** Items from a dataset **
---

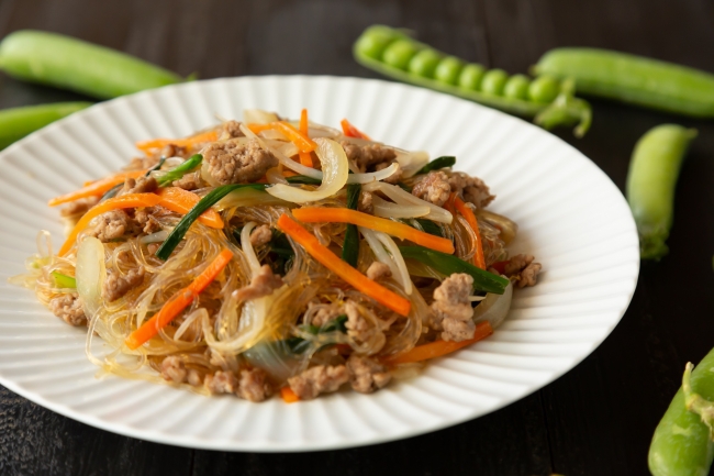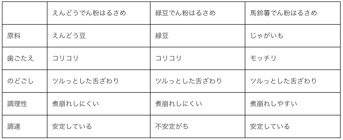 同じ豆系のでん粉を使った緑豆はるさめと同等の食感で、コシが強くなめらかな食感だ。
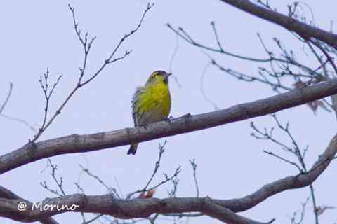 樹木の高い位置で囀っていたマヒワ、その周辺には4~5羽も枝被りが多々
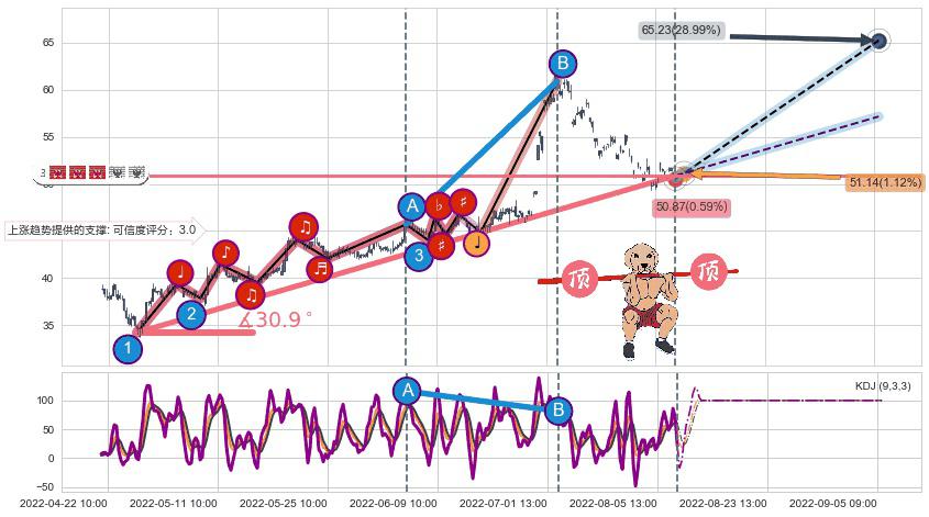 ➢ 预测:2022-08-15 12:00,【试探支撑】稳定目前上涨趋势的前提下,预测价格:51.14
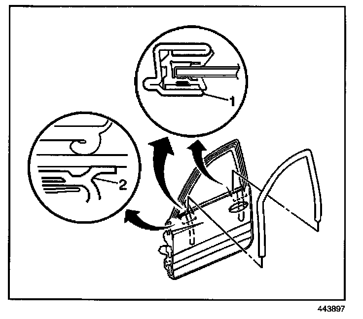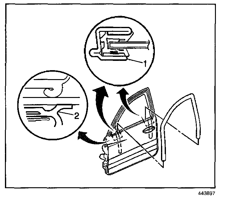 1.1. The window run channel outboard lip at the rearview mirror is rolled over or the glass run channel outboard lip at the B pillar is rolled over (2).
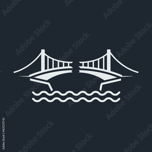 Obraz premium A bridge with a crack in the middle over a body of water, symbolizing...
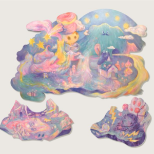平面:水彩、彩色墨水、壓克力顏料及數位繪畫等複合媒材。
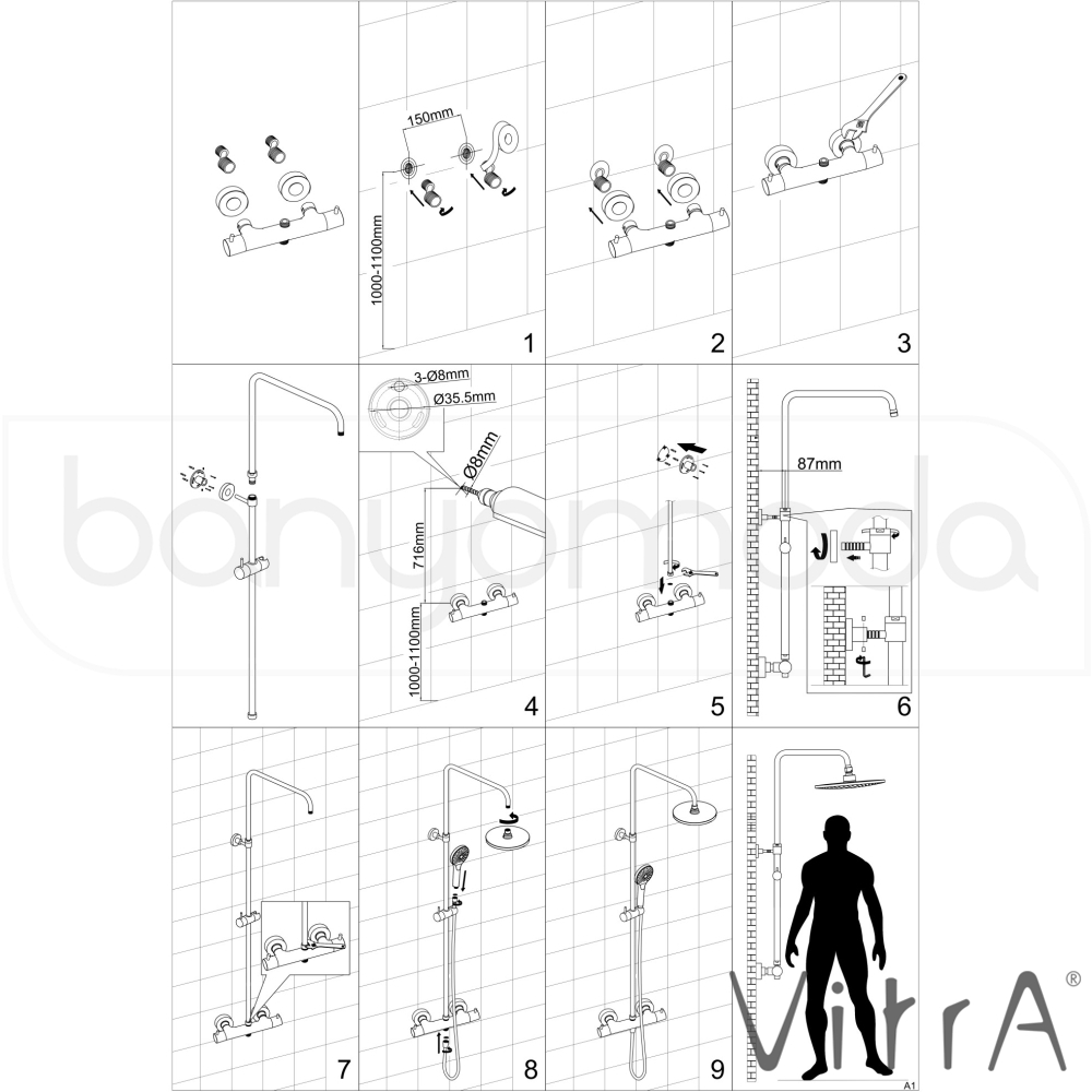 | Genel Açıklamalar: | 24 mm çapında ana kolon. Duş başlığının yukarı-aşağı yükseklik ayarı için teleskopik özellik. Termostatik batarya, duş başlığı ve el duşu ürüne dahildir. 240 mm çapında tepe duşu. 120 mm çapında el duşu. Armatür üzerindeki 2 yollu yönlendirici suyu duş başlığı veya el duşuna yönlendirir. 38 derece üzerindeki sıcaklıklara istenmeden çıkılmasını engelleyici emniyet butonu. Sıva altı montaj yapılmadan kullanılmaktadır. |
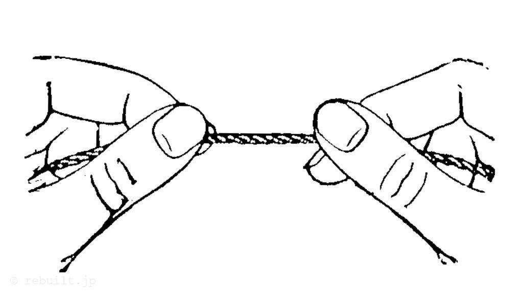 糸は上記のように持ちます。右手の親指と人差し指の間で糸を自分の方にひねります。左撚りの場合は糸がより強く撚り合わされ、右撚りの場合は撚りがほどけます。
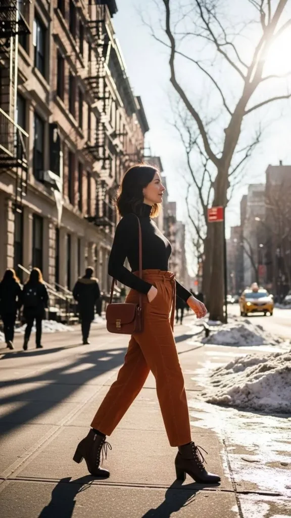 14. Turtleneck and High-Waisted Corduroys
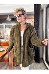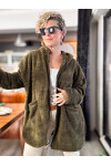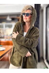 Nessa Kapşonlu Oversize Peluş Polar Hırka Haki
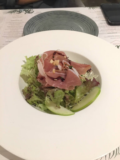 Let's begin with the atmosphere. The location's atmosphere was a mess. The moment you walk in, you're greeted with 2019's top 100 pop hits playing in the background, followed by confused decoration that screams 'beach grill party' with a dash of modern simplicity to spice things up. The lighting sat in a twilight zone of being neither quite dark enough nor bright enough, creating a muddy lighting atmosphere. Finally, the placement mats were terrible. For a restaurant that seemingly wants to be serious, their placement mats were paper with their menu printed on it. Not exactly fancy. To say the least, the atmosphere was anxiety inducing.
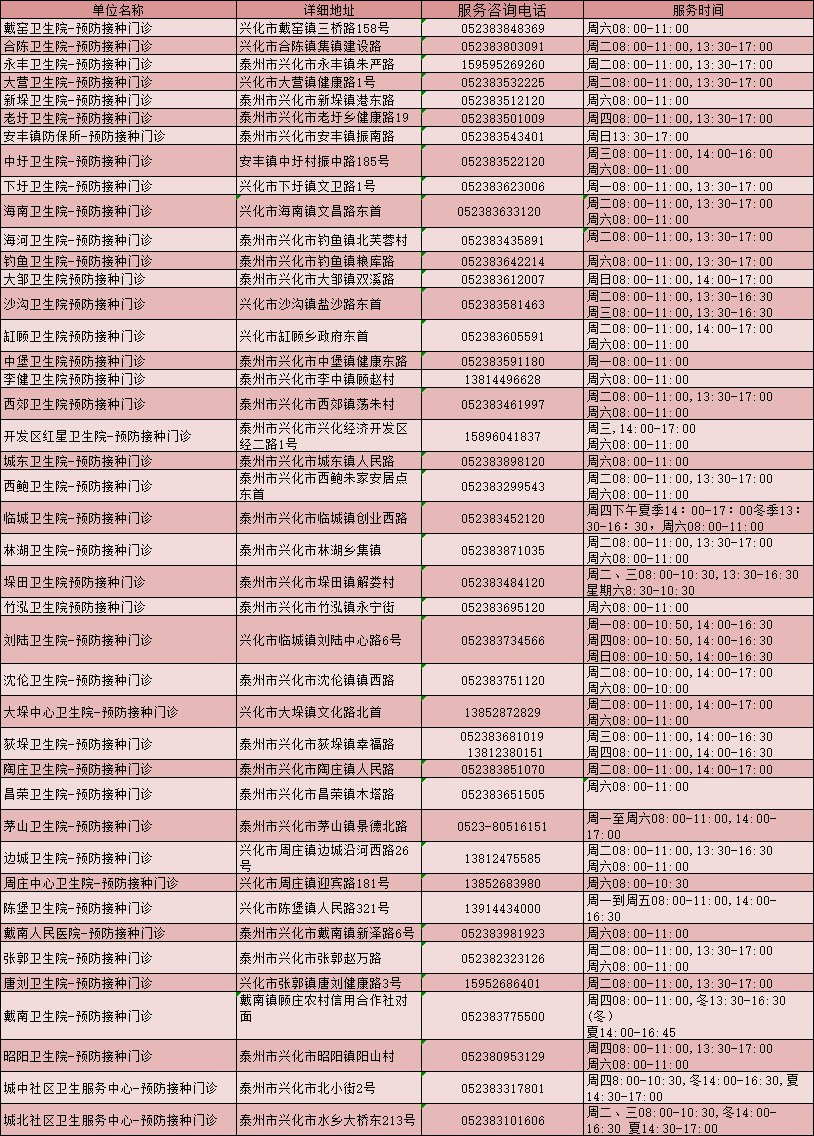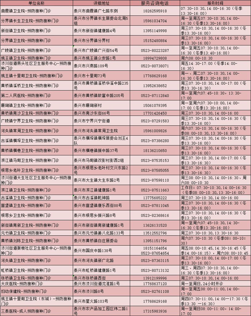 泰州各地社区卫生服务中心地址+联系方式:
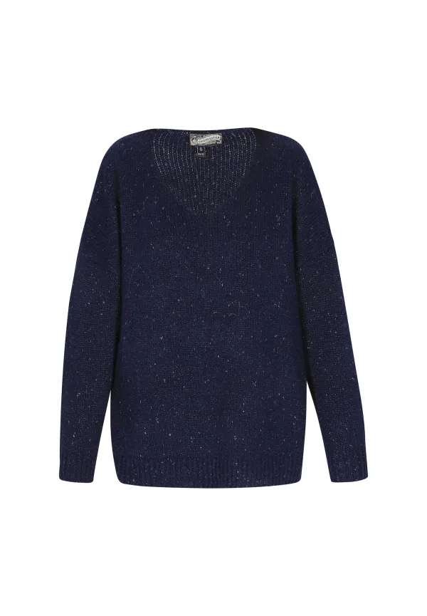 Design: Geribd ceintuurtje, Overcut schouder; Type sluiting: Slip; Materiaal: Knitwear; Halstype: V-hals; Motief: Mélange; Extra's: Fully fashioned, Voelt zacht aan; Pasvorm: Losse pasvorm; Armlengte: Lange mouw; Lengte: Normale lengte
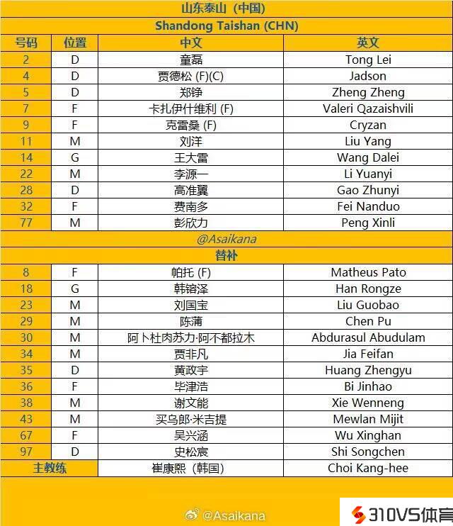 山东泰山首发:14-王大雷、2-童磊、4-贾德松(F)、5-郑铮、28-高准翼、11-刘洋、22-李源一、77-彭欣力、7-卡扎伊什维利(F)、9-克雷桑(F)、32-费南多
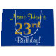 Elegant, Blue, Faux Gold 23rd Birthday + Name Large Gift Bag

---

** Task instructions **
Where the line with "山东泰山首发:14-王大雷、" appears, begin there and transcribe exactly through the last line of the data, leaving all pictures aside.

** Answer to this task **
 山东泰山首发:14-王大雷、2-童磊、4-贾德松(F)、5-郑铮、28-高准翼、11-刘洋、22-李源一、77-彭欣力、7-卡扎伊什维利(F)、9-克雷桑(F)、32-费南多
 Elegant, Blue, Faux Gold 23rd Birthday + Name Large Gift Bag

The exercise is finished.